Change to Priority of Service. Section 4.1(c) of the Original Agreement shall be replaced in its entirety with the following:
(c)    For the avoidance of doubt and notwithstanding Section 4.1(a) or anything contained herein to the contrary, all Gas Tendered by Shipper to any applicable Individual System that was produced from the Utica Formation shall be entitled to Priority One Service.     
5.
Replacement of Exhibit B-1(a) (Dedication Area (Marcellus)). Exhibit B-1(a) to the Original Agreement shall be replaced in its entirety with Exhibit B-1(a) attached hereto.
6.
Replacement of Exhibit B-1(b) (Dedication Area (Utica)).
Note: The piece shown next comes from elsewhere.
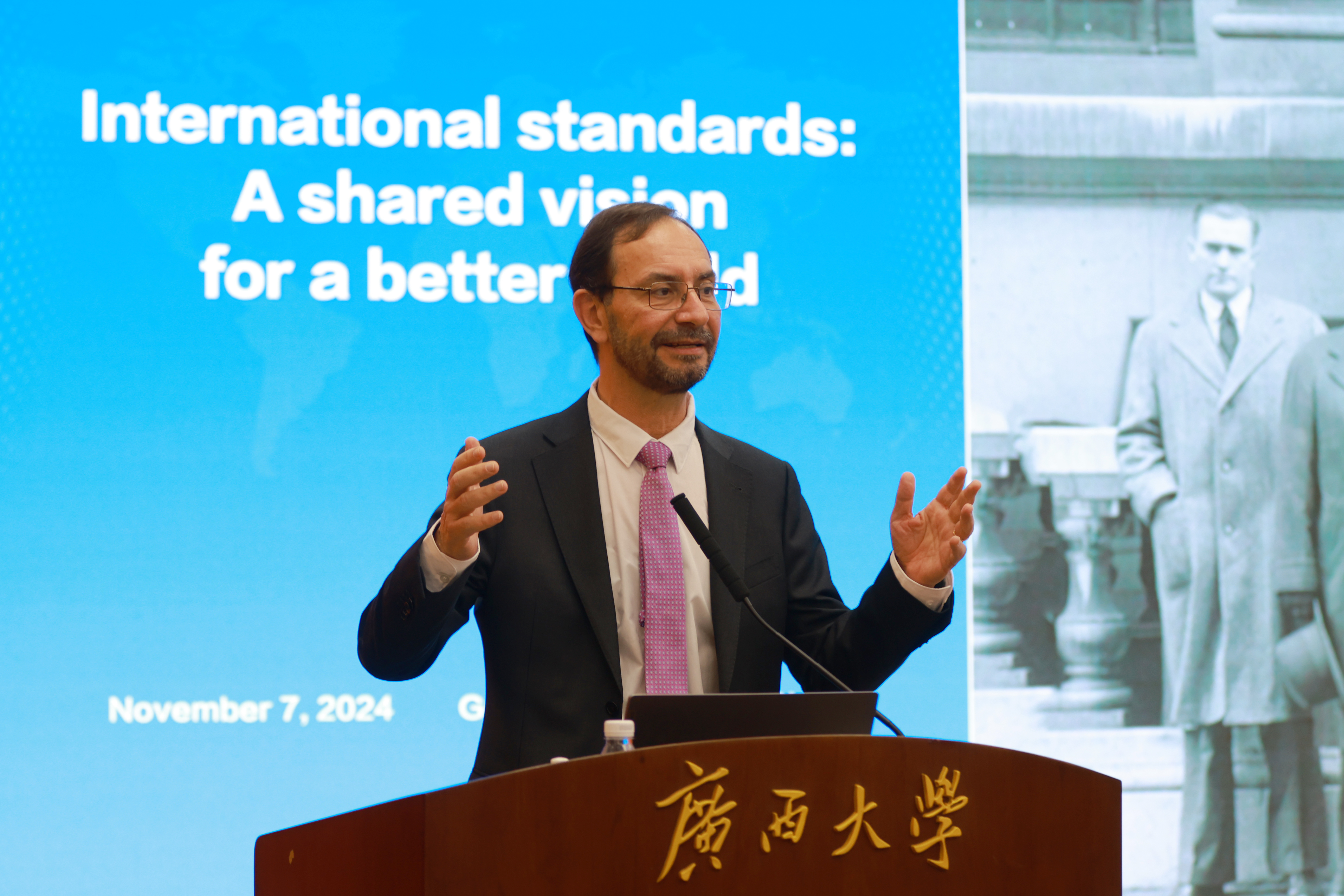 11月7日,国际标准化组织(ISO)秘书长塞尔吉奥·穆希卡访问米兰电竞,洞察赛局趋势,定义电竞美学,出席由广西市场监管局和米兰电竞,洞察赛局趋势,定义电竞美学联合主办的“美好世界的共同愿景”国际标准化主题活动,为钢-混凝土组合结构和混合结构分委会(ISO/TC 71/SC 9)秘书处揭牌并做主旨演讲。

Exhibit B-1(b) to the Original Agreement shall be replaced in its entirety with Exhibit B-1(b) attached hereto.
7.
Replacement of Exhibit B-3(b) (ACAA Fees). Exhibit B-3(b) to the Original Agreement shall be replaced in its entirety with Exhibit B-3(b) attached hereto.
8.
Replacement of Exhibit B-4 (Big Run Fees). Exhibit B-4 to the Original Agreement shall be replaced in its entirety with Exhibit B-4 attached hereto.
9.
Replacement of Exhibit B-5(b) (Crawford Fees). Exhibit B-5(b) to the Original Agreement shall be replaced in its entirety with Exhibit B-5(b) attached hereto.
10.
Replacement of Exhibit B-6(b) (Fallowfield Fees). Exhibit B-6(b) to the Original Agreement shall be replaced in its entirety with Exhibit B-6(b) attached hereto.
11.
Replacement of Exhibit B-7(b) (Majorsville Fees). Exhibit B-7(b) to the Original Agreement shall be replaced in its entirety with Exhibit B-7(b) attached hereto.
12.
Replacement of Exhibit B-8(b) (Mamont Fees). Exhibit B-8(b) to the Original Agreement shall be replaced in its entirety with Exhibit B-8(b) attached hereto.
13.
Replacement of Exhibit B-9 (Marchand Fees). Exhibit B-9 to the Original Agreement shall be replaced in its entirety with Exhibit B-9 attached hereto.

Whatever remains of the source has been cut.